Virou lugar-comum a referência ao livro de Zuenir Ventura sobre 1968 (“O ano que não acabou”) em análises sobre o que poderá ser 2017. E com fundadas razões, porque, em vários aspectos, o ano começa com um certo perfil carregado de 2016.
Este, cópia de 2015, quando o embuste eleitoral da campanha da petista Dilma Rousseff — já visível para os mais atentos desde 2013 — explodiu à frente de todos na forma de inflação de dois dígitos, desemprego em ascensão veloz, causado por um ciclo recessivo que se aprofundava.
Na verdade, a crise em si não surpreendeu quem acompanhou a crônica da debacle fiscal do país já sinalizada em fins de 2005, quando a nova ministra da Casa Civil, Dilma Rousseff, descartou, por “rudimentar”, proposta dos colegas Antonio Palocci (Fazenda) e Paulo Bernardo (Planejamento) para limitar os gastos à evolução do PIB.
O conceito antecipava a demonizada PEC do teto 11 anos antes de ela ser aprovada pelo Congresso, no governo do vice de Dilma — defenestrada por impeachment devido àquela mesma fé tosca no desequilíbrio das contas públicas como propulsor do crescimento.
Maquiou a contabilidade da União, atropelou, assim, princípios da Lei de Responsabilidade Fiscal, e entrou para a História pela porta dos fundos: simboliza a primeira punição de alta autoridade por fazer pouco-caso da necessidade de zelar pelo Orçamento, algo nunca levado muito a sério no Brasil. Daí a gangorra de euforias e recessões que ponteiam a República.
Mas, desta vez, o mergulho do PIB, com suas consequências negativas, extravasou os limites históricos. Sequer na Grande Depressão (1929/30) houve algo semelhante: um ano de virtual estagnação (2014) e dois períodos consecutivos de quedas do PIB acima de 3% anuais.

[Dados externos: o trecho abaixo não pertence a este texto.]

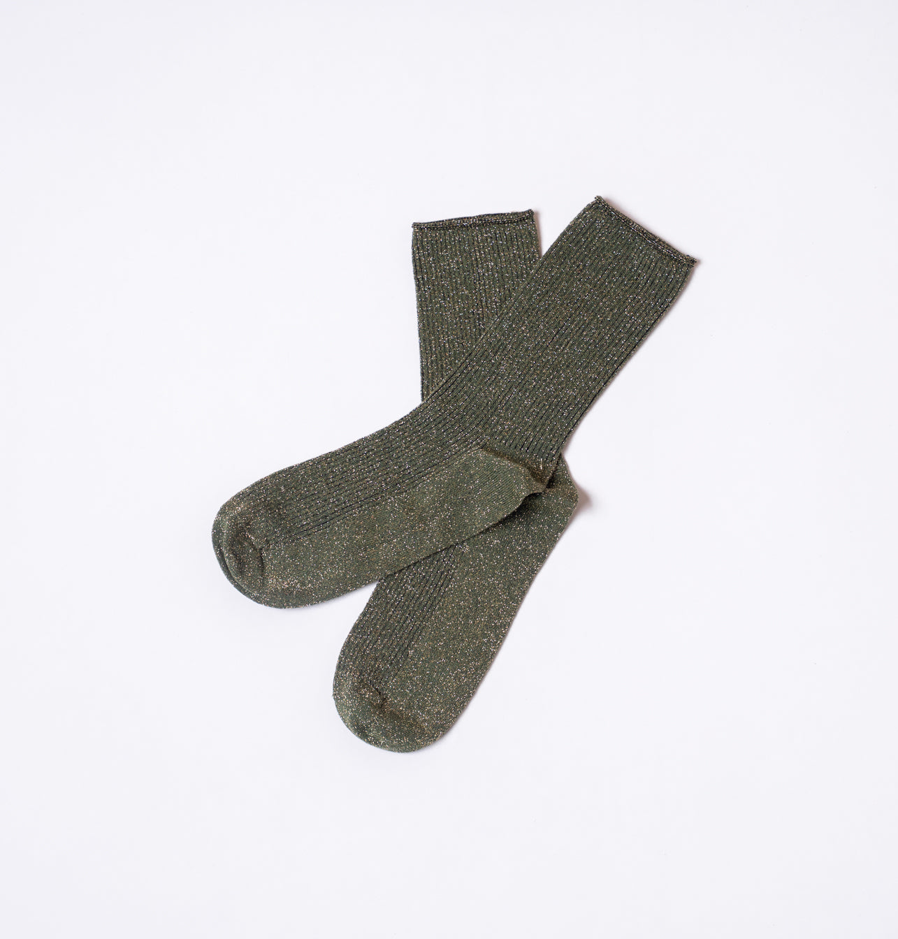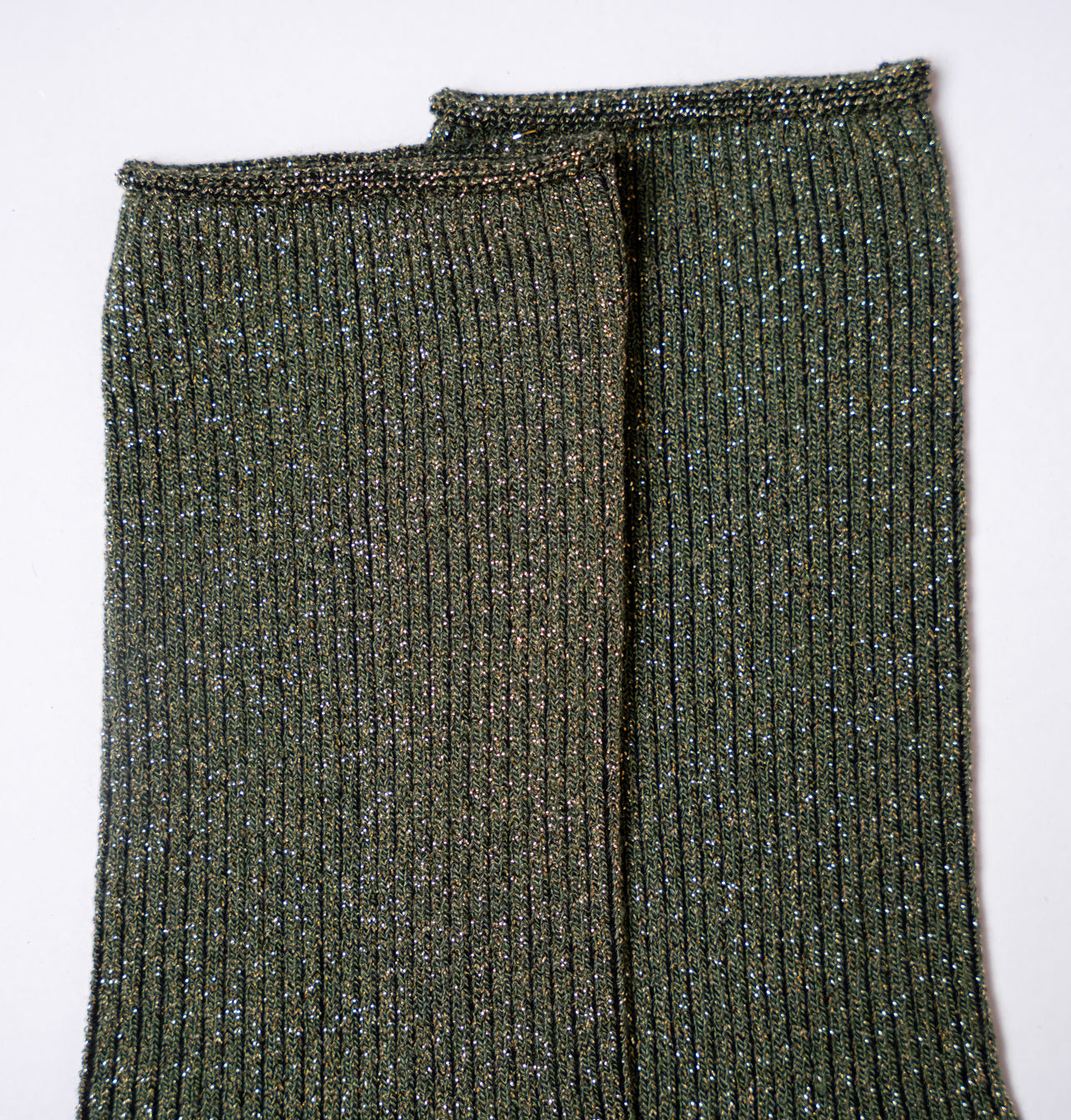 The shimmering lurex socks are made primarily from lyocell bamboo fiber, a completely natural and ecological fiber. Lyocell is a soft and lightweight material that has absorbent properties, while being extremely durable. In a way, it is the perfect material. In terms of style, there is a fold instead of the classic border for a more elegant touch. The stretchy side allows the socks to fit the shape of all feet, large and small.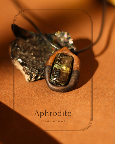 ناموجودگردنبند سنگ زبرجد و چوب گردو بند چرم مصنوعی

Menos 3,5% em 2016, segundo a última estimativa de analistas do mercado ouvidos semanalmente pelo Banco Central, para produzir o Boletim Focus. O Brasil se aproximará de uma perda de PIB na fronteira dos 10%, algo inédito.
As projeções compiladas em 23 de dezembro pelo BC, para este ano, não desenham uma recessão, tampouco um revigorante crescimento (ver gráficos). As estimativas semanais, porém, já foram melhores que a virtual estagnação de uma expansão irrisória de 0,5%.
Foi quando o otimismo proporcionado pelo impeachment de Dilma Rousseff, em maio, e a consequente saída do lulopetismo do Planalto e da máquina pública, chegou a gerar um ou outro número positivo, principalmente em balcões do varejo.
Nada de maior fôlego, porque a desestabilização fiscal da União e da Federação — mesmo quem consegue equilibrar as contas pode não se livrar de problemas mais à frente — foi obra bem-feita. Por isso, para a recuperação da confiança dos agentes econômicos e consumidores, a fim de que possam fazer as engrenagens do crescimento voltar a funcionar, ficou evidente que era preciso muito mais do que o apeamento do PT.
Neste sentido, a agenda de reformas do governo Temer atende às melhores expectativas: criação do teto para conter o crescimento dos gastos acima da inflação — aprovada, na primeira vitória importante do Planalto sob o comando de Michel Temer — e, como segunda etapa, também crucial, as bases de um novo sistema previdenciário, mais uniforme, centrado na exigência de idade mínima para a habilitação à aposentadoria. Além de outras mudanças também sensatas nas pensões e benefícios sociais.
Há indícios do surgimento de condições para a retomada. Por exemplo, a redução do nível de inadimplência e alguma procura por crédito. Neste pacote de otimismo há, ainda, uma inflação em queda, rumo à meta de 4,5%, e, por isso, o consenso em torno de cortes mais generosos nos juros, fator de impulsão de consumo e investimento, combustíveis para a decolagem do PIB.
Existe, porém, o imponderável da agenda política, em que se encontram a Lava-Jato e o julgamento no TSE do financiamento da campanha da chapa Dilma-Temer. Se 2017 estivesse subordinado apenas ao signo da economia, as incertezas seriam menores.